2) 整个加载过程,左右两加载点的微小不均匀性。
3) 曲率在纯弯矩区变化,存在波动,由于拉伸-刚度效应,曲率峰值在离散开裂处不能精确确定。
上述原因导致纯弯段曲率的量测受塑性铰的影响,用纯弯段曲率来衡量试验梁之间的延性存在问题,特别是当钢筋屈服后进入塑性阶段,曲率更加难以确定。另一个方面,梁跨中挠度曲线反映的是沿梁长曲率的集合,使用荷载挠度曲线评价试验梁延性更为可靠。
试验梁延性
Ductility of the tested beams
试验梁 | 韧性模量/(kN·mm) | 比对比梁提高量/% |
P1 | 0 738.0 | |
P2 | 0 589.4 | |
PSC-0 | 1 811.4 | 145.4 |
PSC-1 | 1 230.9 | 108.8 |
PSC-2 | 1 359.6 | 130.7 |
PSC-3 | 1 220.7 | 107.1 |
PUC | 1 660.9 | 181.8 |
PSU | 2 477.8 | 320.4 |
结合荷载挠度分析结果可以看出,虽然同一荷载下,梁PUC的抗变形能力低于梁PSU和梁PSC-3,但其整体延性比梁PSC-3要大。另外,钢板厚度的增加对抗弯加固锈蚀梁的抗变形能力有积极作用,但整体延性却是随钢板厚度增加先增后减。因此可以表明,对于抗变形能力弱的抗剪加固锈蚀梁,其整体延性并不一定比其他加固梁弱,钢板厚度增加并不能始终有利于抗弯加固锈蚀梁的承载性能,评价其加固效果时需综合考虑抗变形能力和延性。

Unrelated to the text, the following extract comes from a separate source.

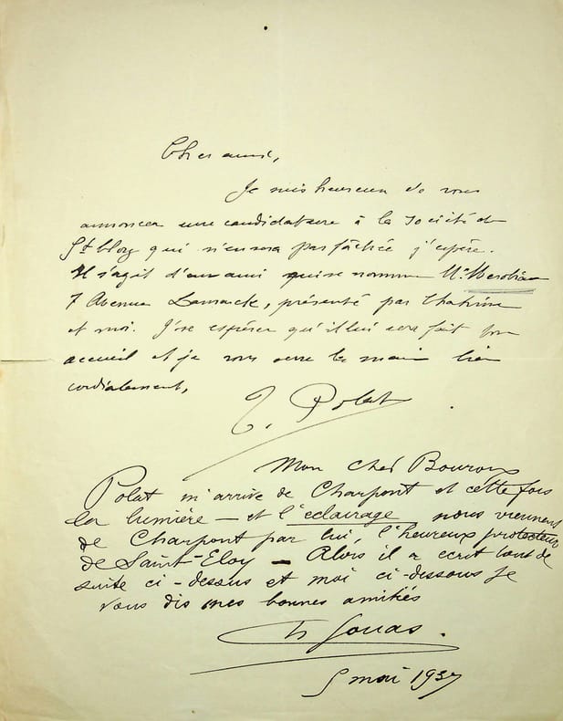 Tigrane Polat (1874-1950), peintre, graveur franco-égyptien ; Charles Jouas (1866-1942), peintre, illustrateur. L.A.S. écrite par les deux artistes, 5 mai 1937, 1p in-4. Au peintre Paul-Adrien Bouroux (1878-1967).Polat lui annonce la candidature de Charles Jouas à la société de Saint Eloy, présentée par Edgar Chahine et lui-même. Jouas ajoute un court message, mentionnant que Polat lui apporte la lumière (celle de la société de Saint Eloy). Jolie réunion. [439]

通过静力荷载试验对比分析了钢板抗弯加固、抗剪加固和抗弯-抗剪组合加固锈蚀RC梁在承载力、变形、破坏模式和延性等方面的特点,分析了不同加固方式的优缺点,根据试验和分析结果,得到如下结论:
1) 与锈蚀梁和不锈蚀梁相比,钢板加固能有效提高梁的极限承载力。组合加固效果最明显,其极限承载力比锈蚀梁提高了107.7%。抗弯加固锈蚀梁钢板厚度分别为3、4、5 mm时, 厚度每增加1 mm, 其极承载力增加7~18 kN。
2) 每种加固方式都能提高锈蚀梁的抗变形性能,组合加固锈蚀梁的抗变形能力最强,其次是抗弯加固锈蚀梁,同时,钢板厚度的增加对抗弯加固锈蚀梁的抗变形能力有积极作用。
3) 组合加固比其他两种加固方式能更有效地提高锈蚀梁的延性,相比锈蚀梁延性提高达320.4%,其次是抗剪加固锈蚀梁。抗弯加固锈蚀梁的延性相比前两种梁都要小,并且随着钢板厚度的增加先增加后减小。评价抗弯和抗剪加固锈蚀梁的加固效果时需综合考虑抗变形能力和延性。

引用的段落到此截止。